An academic battalion (batalhão académico) is a type of military unit formed by university students and lecturers, in the scope of the histories of Portugal and Brazil. The first of such units was formed in 1808, within the University of Coimbra, to fight the French invaders, during the Peninsular War. This original academic battalion would inspire the creation of latter similar units, both in Portugal and in Brazil.

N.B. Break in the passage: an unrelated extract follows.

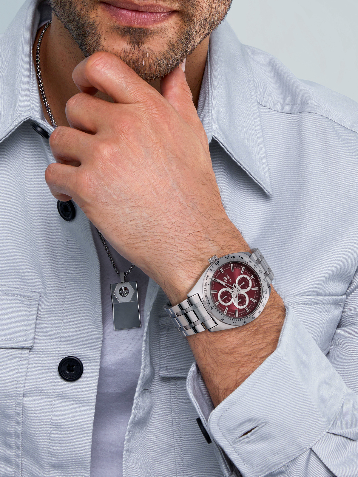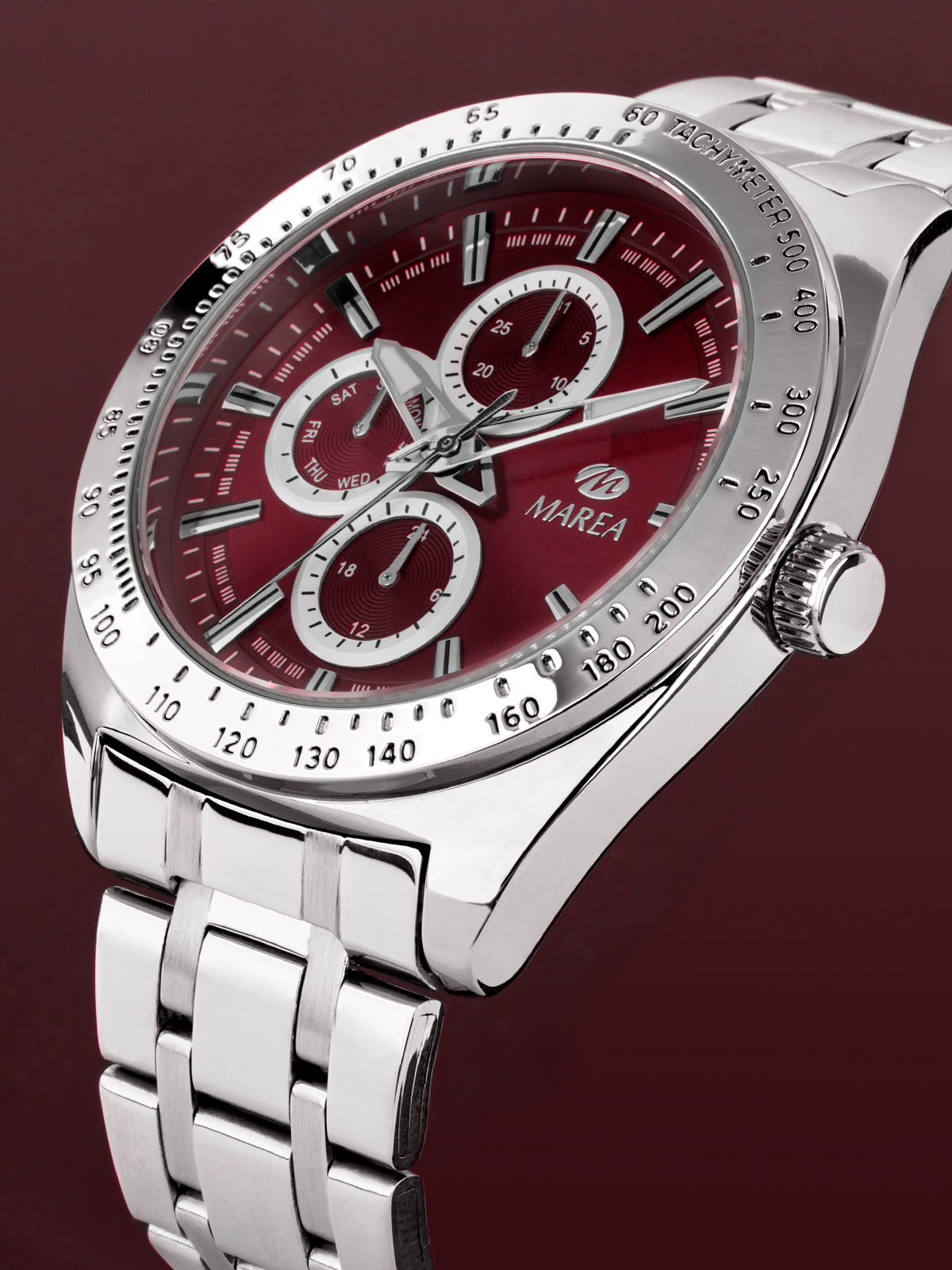 Movimiento japonés: 3 agujas multifunción con fecha, día de la semana y 24 horas. Diámetro Caja: 42 mm. Material Caja: Metal. Material Brazalete: Acero. Esfera: Color granate. Resistente al agua: 5 ATM.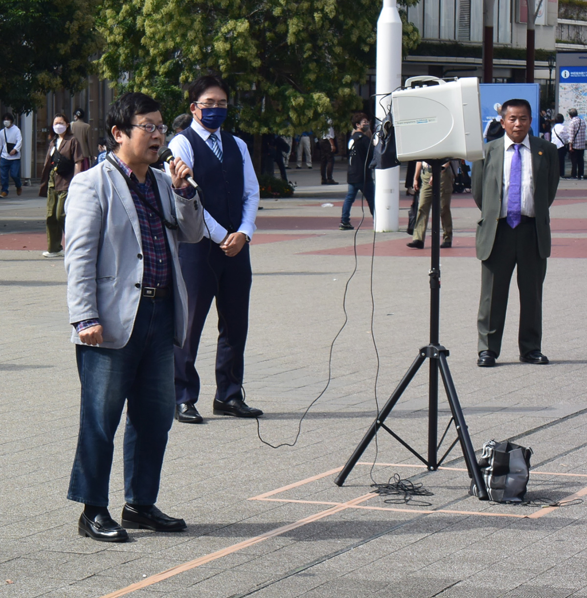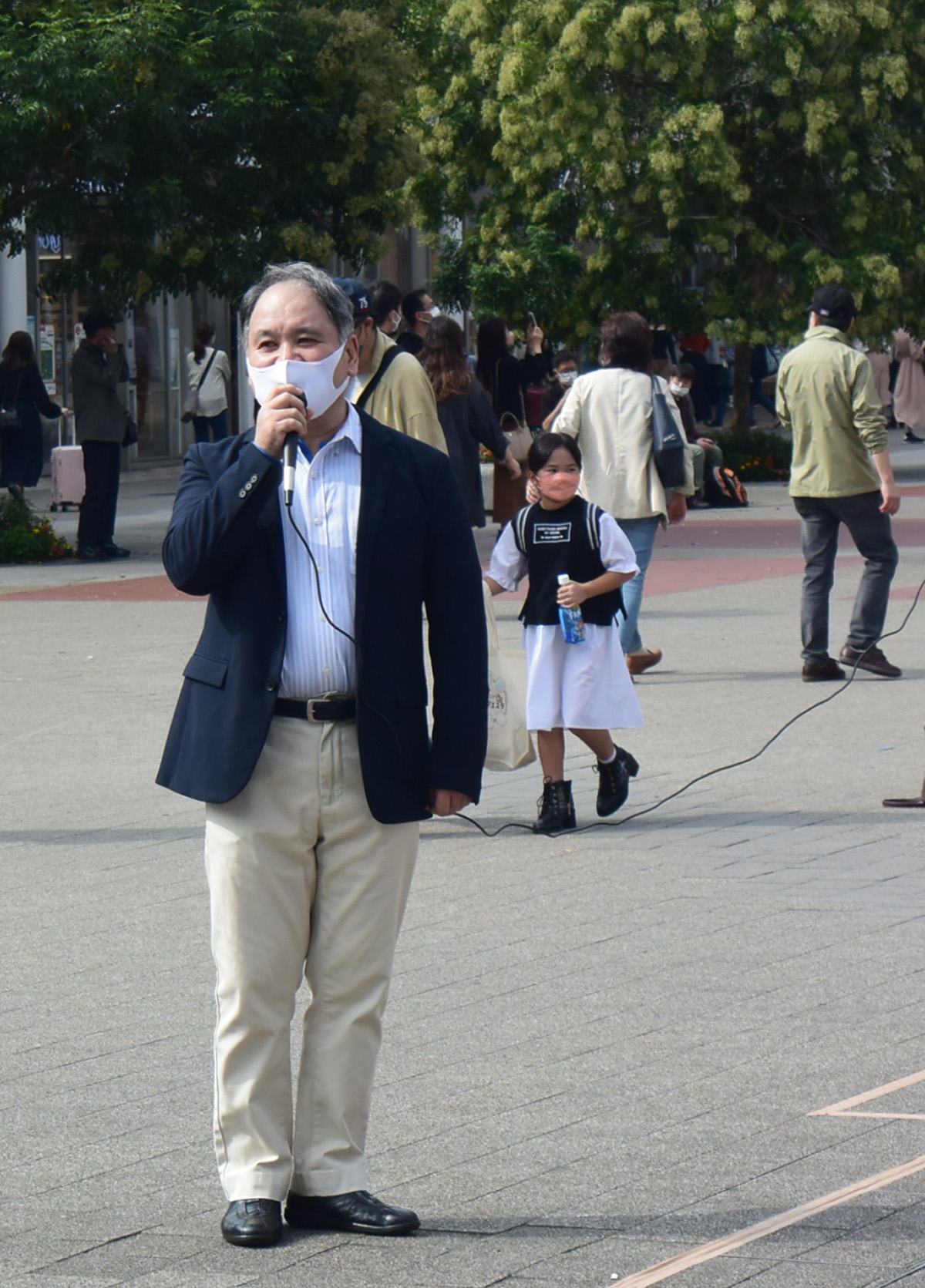 他为法轮功学员们加油打气道:“信仰真善忍的法轮功学员们此时此刻也在中国大陆经受着残酷的迫害,而迫害已经持续了二十多年了。我们要把这些告诉日本的民众。不要觉得中共很强大反抗也没用。我相信你们所做的点滴定会星火燎原。我也会一直支持你们!”

==List of historical academic battalions==
1. Academic Battalion of the University of Coimbra (known as the "Academic Battalion of 1808") – formed in 1808 with teachers and professors of the University of Coimbra. It participated in several military operations of the Peninsular War;
2. Academic Volunteers Battalion – formed in 1826 in Coimbra, to support the Liberal forces that were fighting the absolutists;
3. Academic Battalion (known as the "Academic Battalion of 1828") – formed in Coimbra in 1828, in the scope of the Liberal Wars (1828–1834). It fought on the side of the Liberal army against the Miguelites;
4. Academic Battalion (known as the "Academic Battalion of 1846") – formed in 1846, in the scope of the Portuguese civil conflicts known as the Patuleia. It supported the Septembrists against the Cartists led by the Duke of Saldanha;
5. Academic Battalion (known as the "Academic Battalion of the Paraguayan War") – formed in Brazil in the scope of the Paraguayan War, being integrated in the corps of Fatherland Volunteers (Voluntários da Pátria);
6. Academic Battalion (known as the "Academic Battalion of the Revolta da Armada") – formed in Brazil in the scope of the Revolta da Armada (Naval revolt);
7. Academic battalions – three academic battalions formed, respectively, in Lisbon, Coimbra and Oporto, in 1919, in the scope of the Monarchic Revolution and civil conflict that led to the establishment of the Monarchy of the North. The academic battalions of Lisbon and Coimbra aligned on the Republican side, while the battalion of Oporto aligned on the Monarchic side.